“Quando le donne si sono impegnate nelle battaglie le vittorie sono state vittorie per tutta la società. La politica che vede le donne in prima linea è politica d’inclusione, di rispetto delle diversità, di pace”.
“La presenza femminile in politica, nei posti cosiddetti ‘di potere’, non serve, soltanto alle donne, ma serve a migliorare la qualità della società. Per tutti” (Tina Anselmi).
Ho scelto di iniziare il mio editoriale con queste bellissime parole di Tina Anselmi che ci lasciato poco più di 2 anni fa, all’età di 89 anni. Come molti ricordano nel 1976 diventa la prima donna ministro in Italia, assumendo il dicastero del Lavoro nel terzo governo Andreotti. Per due volte è ministro della Sanità ed è protagonista della riforma che introduce il Servizio Sanitario Nazionale; a lei si deve la legge sulle pari opportunità.

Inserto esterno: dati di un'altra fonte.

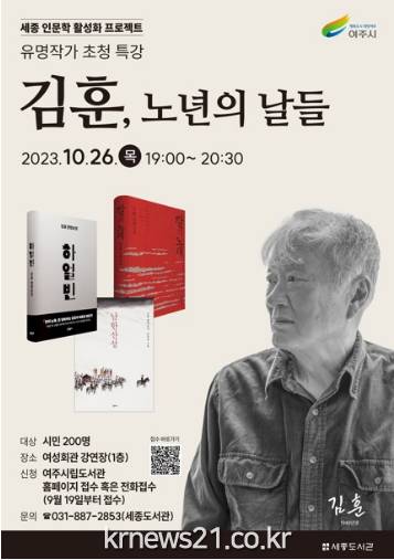 ▲ 사진=여주시여주시(시장 이충우)는 오는 10월 26일 목요일 오후 7시부터 김훈 작가 초청 특별강연을 진행한다.
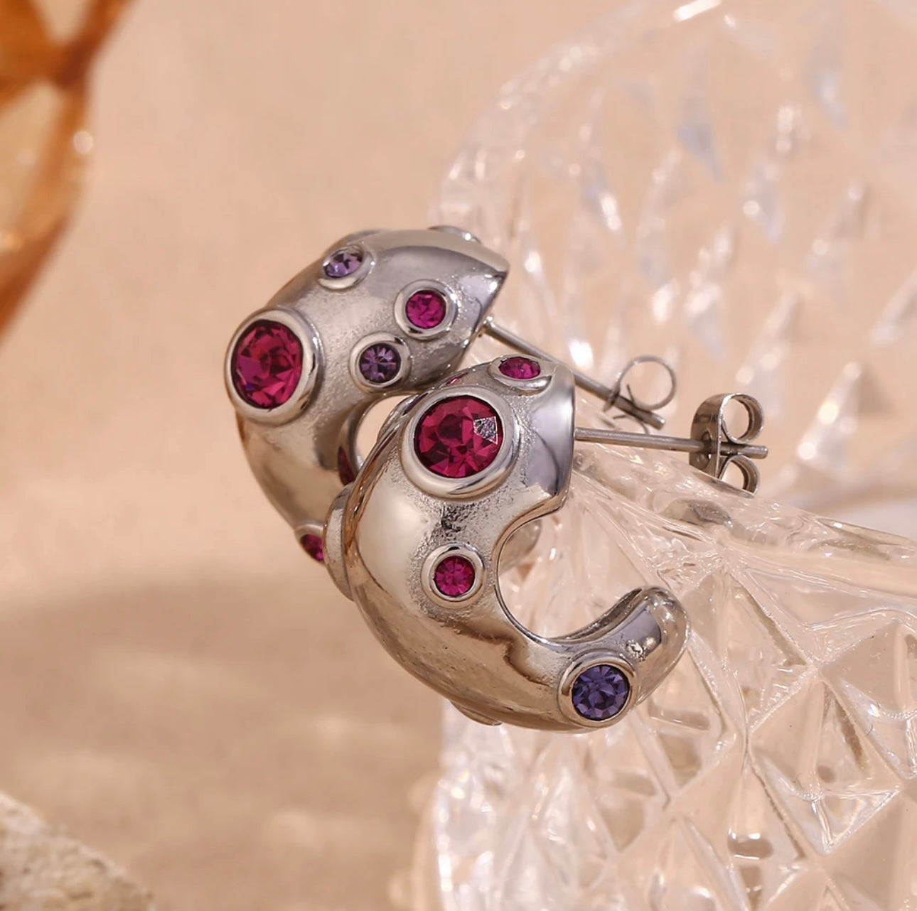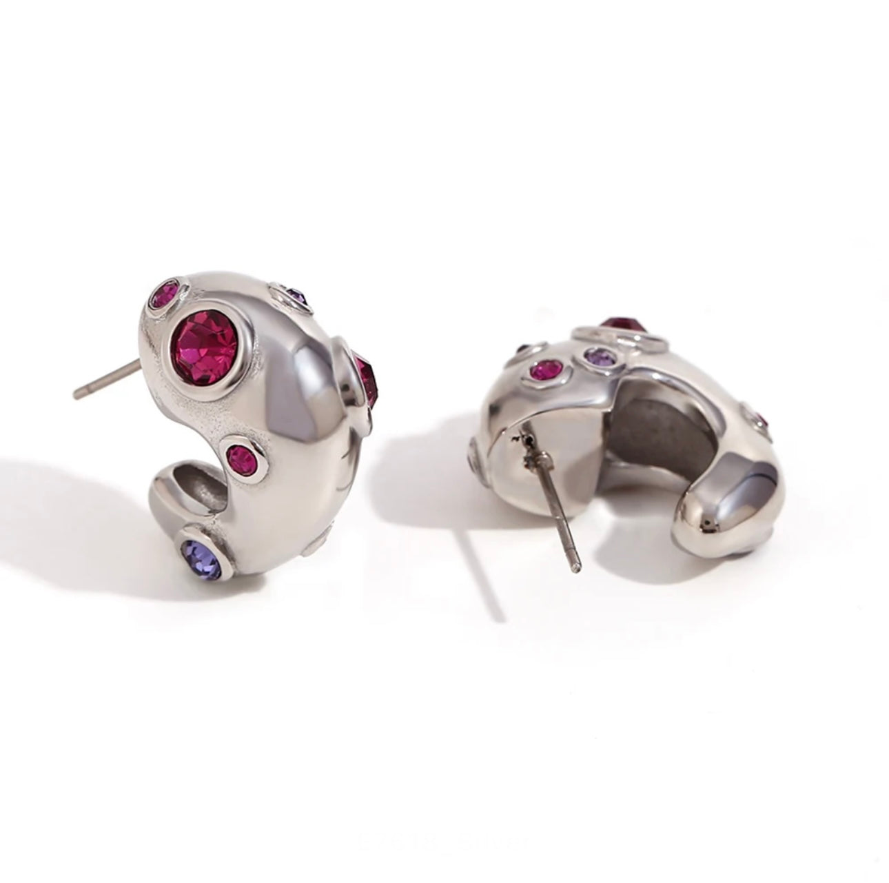 Colorful red Zirconia stones Bubble hoops ,a fun addition to your jewelry collection, suitable for casual wear or as everyday earrings, light weight and very comfortable. Currently available in Silver with red stones.
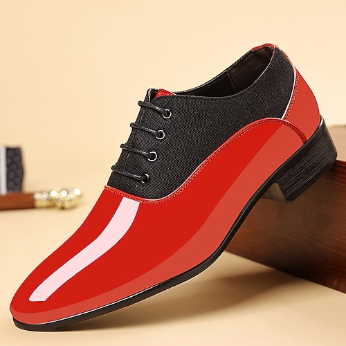 scarpe brogue oxford vintage da uomo – similpelle tricolore nera, rossa e gialla con dettagli classici a punta, perfette per eventi formali o a tema retrò
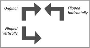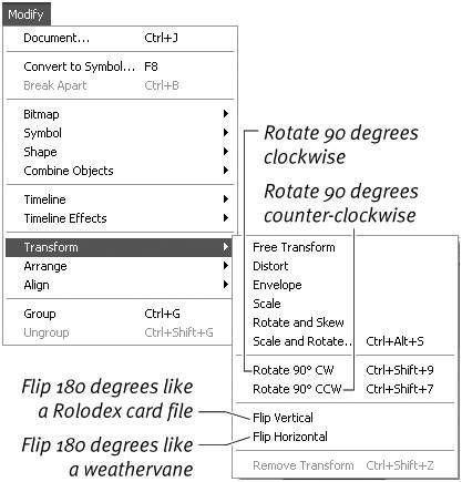 Figure 4.25. The Modify > Transform submenu offers commands for flipping graphic elements vertically and horizontally. It also offers commands for rotating an element in 90-degree increments, both clockwise and counterclockwise.  Figure 4.26 shows the results of the two types of flipping.
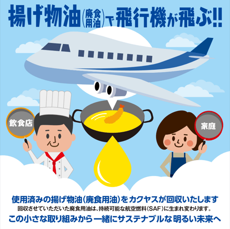 使い終えた天ぷら油(廃食油)は、油凝固剤で固めたり、新聞などに染み込ませたりして捨てていませんか? 実はこの廃食油、捨てずに再利用すれば飛行機の燃料「持続可能な航空燃料(SAF)※」に生まれ変わります。SAFは、廃食油やバイオマスなどの非化石原料を原料とするため、燃焼時に排出されるCO₂の量が少なく、航空業界の脱炭素化に大きく貢献します。資源の限られた日本において、持続可能なエネルギーとして注目されています。
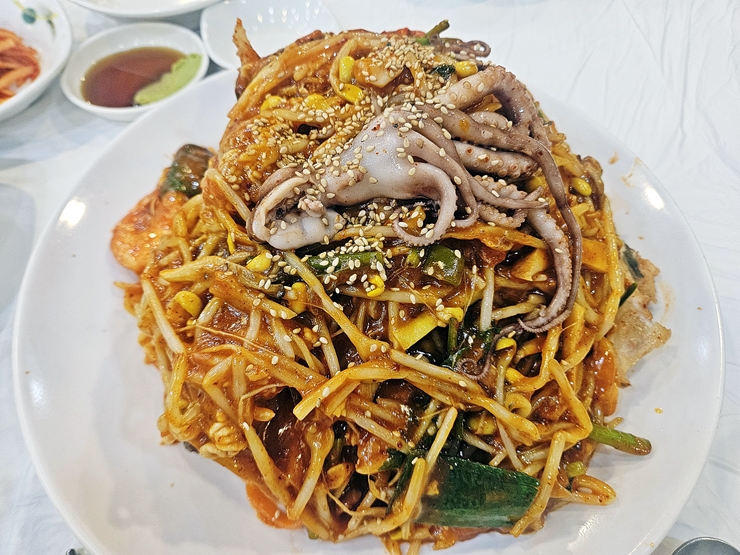 해물찜답게 다양한 해산물이 들어 있다. 해산물의 선도가 좋아서 비린 냄새나 비린 맛이 전혀 느껴지지 않는다. 지난 번에도 느꼈지만 내 입에는 살짝 맵고 칼칼한데, 해물찜은 이런 매운 맛과 칼칼한 맛으로 먹기 때문에 땀 뻘뻘 흘리며 맛있게 먹었다. 상암에서 맛있는 해물찜을 먹고 싶다면 한 번 가볼 것을 추천하는 곳이다.
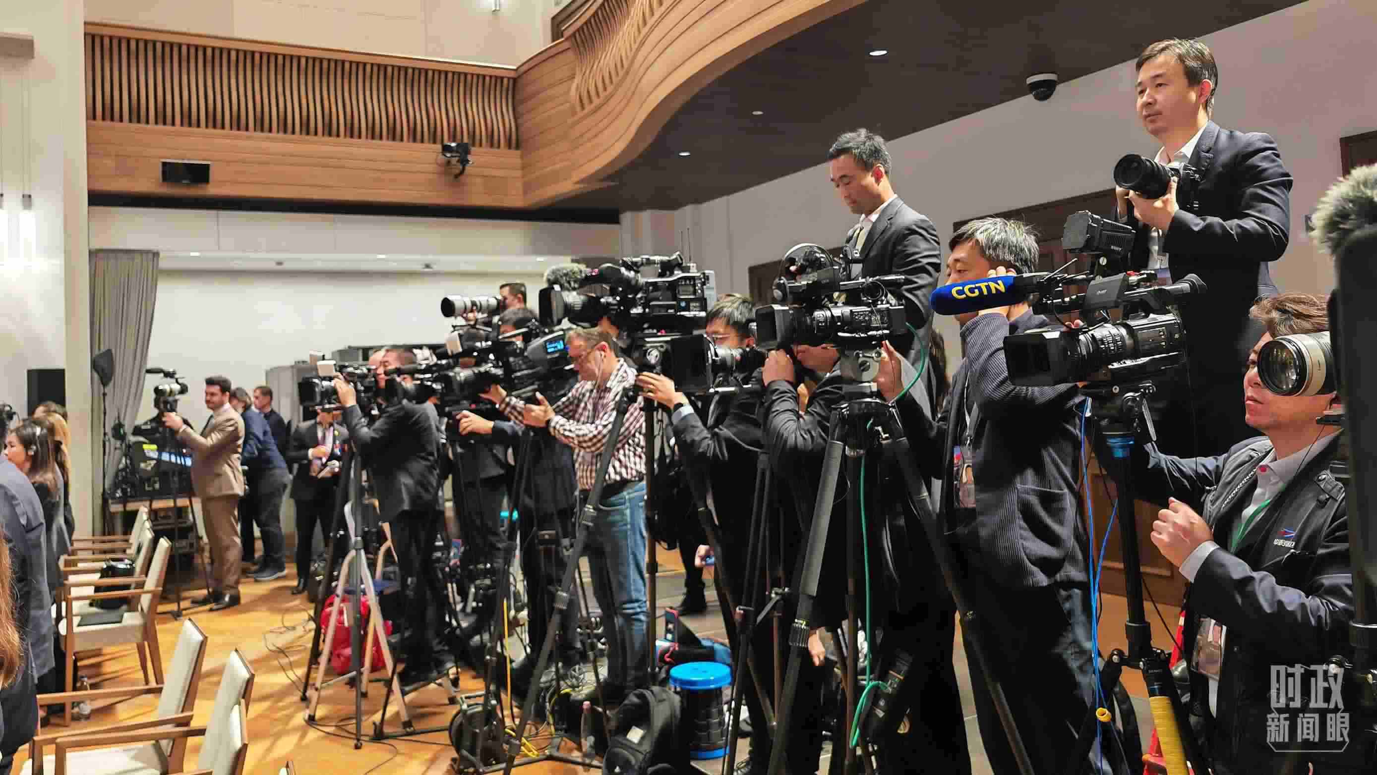 △習(xí)主席同歐爾班總理共同會見記者,現(xiàn)場記者云集。(總臺央廣記者馬喆拍攝)

La storia di Tina Anselmi è la storia di una donna animata da una grande passione civile, coraggiosa ed integra. Una donna che può essere ancora un importante punto di riferimento per le Acli e per chi si impegna in ambito sociale e politico.
In questo senso è significativo che lo scorso 1 febbraio, presso il Senato della Repubblica, il Coordinamento donne delle Acli nazionali abbia organizzato un convegno dal titolo: “Le prime donne della Repubblica. L’esperienza delle costituenti parla al presente “. Una scelta che segnala la volontà di fare memoria del ruolo che alcune donne hanno avuto nella storia della nostra Repubblica.
In origine le donne in Parlamento erano 21 su un totale di 556 deputati. Ma grazie alla presenza e all’attività delle donne elette nel 1946 all’Assemblea Costituente, le cittadine italiane escono dalla minorità civile e politica ed si vedono riconosciuti importanti diritti.
L’attività delle costituenti è decisiva per fare della Carta costituzionale lo strumento di parità tra i sessi e di garanzia di emancipazione per le donne italiane. Pur provenendo da culture politiche diverse, queste donne mostrano una forte consapevolezza del proprio ruolo nelle istituzioni e si considerarono rappresentanti di tutte le donne italiane, condividendo lo scopo di promuovere l’uguaglianza delle donne di fronte alla legge, nel lavoro e nella società.
La loro intesa consente di gettare le basi per compiere progressi indispensabili a vantaggio di tutto l’universo femminile. Quell’esperienza di volontà politica comune parla al nostro presente, chiedendo di essere rinnovata in vista di una nuova stagione di protagonismo femminile.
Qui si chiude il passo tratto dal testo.